The classical subject is love and longing, earthly and divine left deliberately indistinguishable — is the beloved a person or God? Yes. The final couplet, the maqta, traditionally turns inward: the poet addresses themselves by name (the takhallus), signing the poem from inside it. Agha Shahid Ali spent his career bringing the strict form into English, and thanks to him the real thing — not just 'a poem in couplets' — now thrives here.
Structure of a ghazal
- Five to fifteen couplets, each a complete, free-standing poem
- Both lines of the first couplet — then every second line — end on the same refrain (radif)
- A rhyme (qafia) sits just before the radif each time
- The final couplet (maqta) traditionally includes the poet's name — the signature (takhallus)
How to write a ghazal
- Choose a radif you can live with — a short, charged word or phrase you'll repeat all poem.
- List qafia rhymes before drafting; the rhyme-plus-refrain combination is the hard part.
- Make each couplet stand alone — a reader should be able to quote any one by itself.
- Sign the last couplet with your own name, addressed as if by a friend or an accuser.
- Read Agha Shahid Ali to hear the strict form landing in English.
2 ghazal examples
Classic and original ghazal poems, free to read in full.
Thou and I (opening couplet)
Rumi (Jalāl al-Dīn Muhammad Rūmī)
2 lines · ghazal
What Is to Be Done, O Moslems? (opening lines)

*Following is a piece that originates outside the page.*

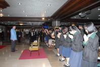 ในเวลา ๐๙.๐๐ น. นายพีระศักดิ์ พอจิต รองประธานสภานิติบัญญัติแห่งชาติ คนที่สอง ให้การต้อนรับ

Rumi (Jalāl al-Dīn Muhammad Rūmī)
3 lines · ghazal
Common questions
What is a ghazal poem?
A Persian and Urdu form of independent couplets unified by a repeating refrain (radif) and a preceding rhyme (qafia), classically about love and longing.
What is a radif?
The ghazal's refrain — a word or phrase that ends both lines of the first couplet and the second line of every couplet after it.
Who are the most famous ghazal poets?
Rumi and Hafiz in Persian, Ghalib in Urdu — and in English, Agha Shahid Ali, who championed the strict form and edited the landmark anthology Ravishing DisUnities.